It appears further that the rates and charges under the *223old ordinance of 1915 are considerably higher than under the new ordinance of 1925, and the plaintiff is asking that the consumers of electricity of the city of Cincinnati be given the benefit of the lower rates and charges provided for by ordinance No. 328-1925.
Accepted Facts.
Ordinance No. 328-1925 is a rate ordinance duly passed by the council of the city of Cincinnati August 11, 1925, wherein rates and prices for electricity are fixed for a period of ten years, beginning October 8, 1925.
On August 11, 1925, the same date as its passage, Ordinance No. 328 was transmitted and filed with the mayor cf the city of Cincinnati for his approval or disapproval.
On August 20, 1925, the mayor of the city of Cincinnati disapproved, or in other words, vetoed and returned said ordinance to council with a statement of his objections to the same.
On September 2, 1925, council re-considered said ordinance and by vote of two-thirds approved the same, thus overturning the veto of the mayor.
On October 1, 1925, a referendum petition was filed with the city auditor of the city of Cincinnati, purporting to contain the signatures of ten per cent, of the electors of the city of Cincinnati, requesting a referendum on said ordinance No. 328-1925.
On October 9, 1925, the Union Gas & Electric Company filed with the council of the city of Cincinnati its written acceptance of said ordinance and agreement to abide by and fulfill all of the terms, conditions and provisions of the same, which written acceptance was duly received by the city council of Cincinnati, and ordered entered upon the minutes of council and duly filed by the clerk of council.
On June 9, 1926, the city council of Cincinnati repealed ordinance No. 328-1925.
Council did not pass an ordinance submitting said ordinance No. 328-1925 to the electors at either a general or special election.

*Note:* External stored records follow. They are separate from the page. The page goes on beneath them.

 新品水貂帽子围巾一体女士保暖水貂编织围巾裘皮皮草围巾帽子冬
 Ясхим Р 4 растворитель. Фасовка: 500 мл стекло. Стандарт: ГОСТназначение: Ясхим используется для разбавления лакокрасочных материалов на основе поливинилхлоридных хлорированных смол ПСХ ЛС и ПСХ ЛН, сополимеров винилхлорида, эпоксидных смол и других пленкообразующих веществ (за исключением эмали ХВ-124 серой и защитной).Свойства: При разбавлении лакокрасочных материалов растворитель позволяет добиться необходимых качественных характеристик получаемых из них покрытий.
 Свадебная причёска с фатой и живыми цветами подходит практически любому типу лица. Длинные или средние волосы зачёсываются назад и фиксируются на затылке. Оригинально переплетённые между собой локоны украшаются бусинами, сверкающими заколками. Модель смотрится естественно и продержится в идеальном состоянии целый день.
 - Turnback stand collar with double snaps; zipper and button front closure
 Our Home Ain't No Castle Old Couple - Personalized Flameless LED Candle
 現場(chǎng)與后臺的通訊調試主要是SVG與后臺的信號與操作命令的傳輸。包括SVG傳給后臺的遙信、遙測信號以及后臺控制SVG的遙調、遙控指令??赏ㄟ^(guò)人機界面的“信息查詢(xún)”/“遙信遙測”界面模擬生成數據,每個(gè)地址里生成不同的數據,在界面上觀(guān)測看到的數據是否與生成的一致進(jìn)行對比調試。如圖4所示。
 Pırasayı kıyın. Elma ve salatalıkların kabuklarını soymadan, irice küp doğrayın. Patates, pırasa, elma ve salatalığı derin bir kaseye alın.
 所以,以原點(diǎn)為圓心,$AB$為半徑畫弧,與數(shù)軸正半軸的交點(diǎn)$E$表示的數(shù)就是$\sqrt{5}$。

The regular election occurred on November 3, 1925.
*224There was no submission of Ordinance No. 328-1925 to the electors of the city of Cincinnati for their approval or disapproval.

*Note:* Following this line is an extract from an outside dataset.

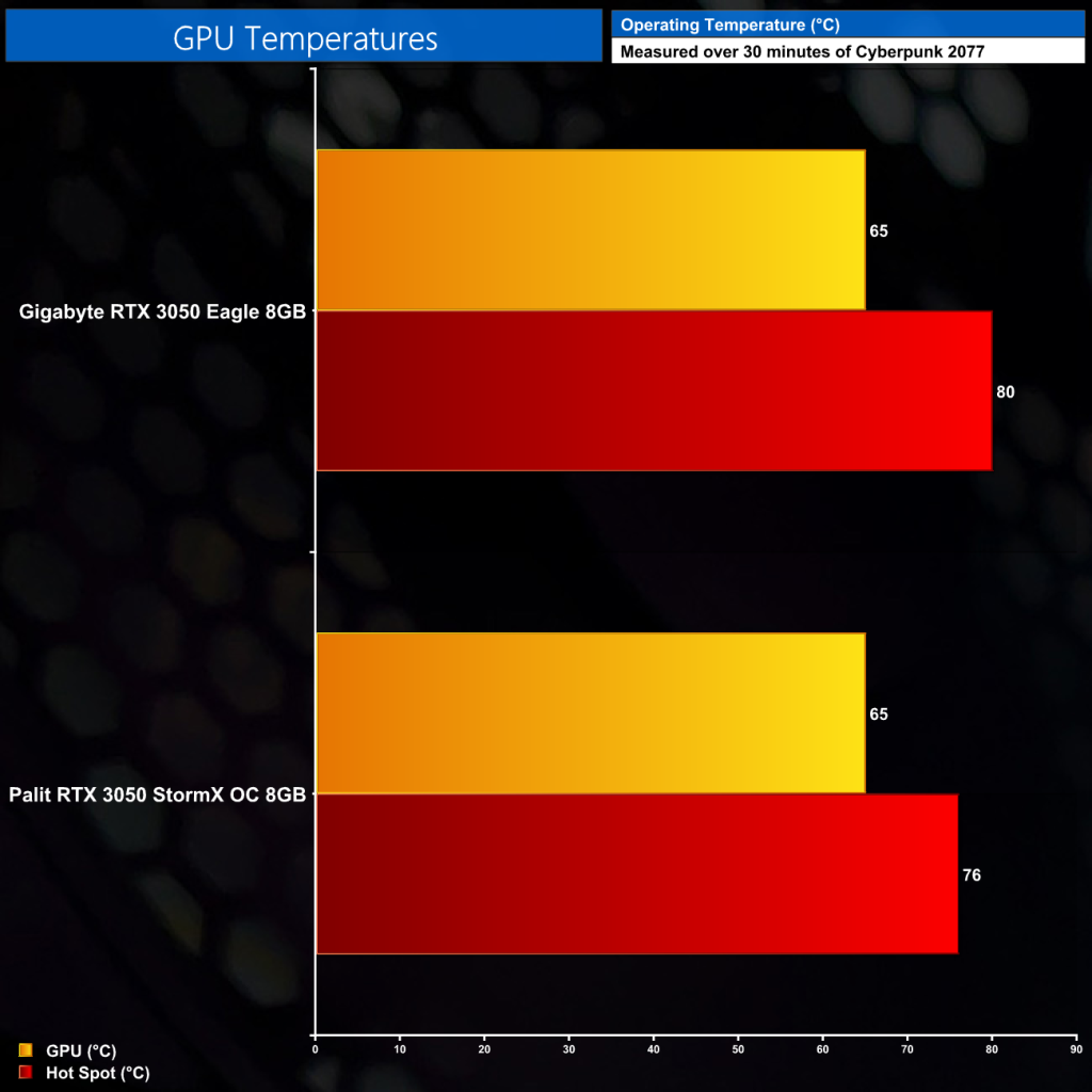 For our temperature testing, we measure the peak GPU core temperature under load. A reading under load comes from running Cyberpunk 2077 for 30 minutes.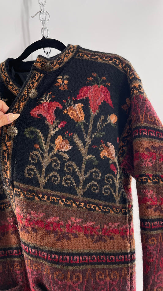 Vintage Iceland Design Wool Jacket with Brass Embossed Buttons and Folk Floral Patterning(C)(Medium)

The foregoing constitutes the series of events in the history of said ordinance and lay the basis of the respective claims of the parties to this cause.
Plaintiff’s and Gas Company’s Claim.
Plaintiff claims — and with this claim the defendant Gas Company is in accord — that the acceptance of Ordinance No. 328-1925 by the Gas Company effects a binding contract between the city and Gas Company, which the city and the users of electricity in the city have the right to have enforced.
The basis of this claim is that the referendum petition is invalid and the city concedes this claim if the referendum petition be found to be invalid.
The City’s Claim.
The city of Cincinnati claims that the acceptance by the Gas Company of this ordinance never became effective as a binding contract with the city, because the filing of the referendum petition had the legal effect of suspending the operation of the ordinance, pending its submission to the electors, and that council having repealed Ordinance No. 328-1925 while it was thus held in legal abeyance, the acceptance of the Gas Company of the ordinance is without force and effect.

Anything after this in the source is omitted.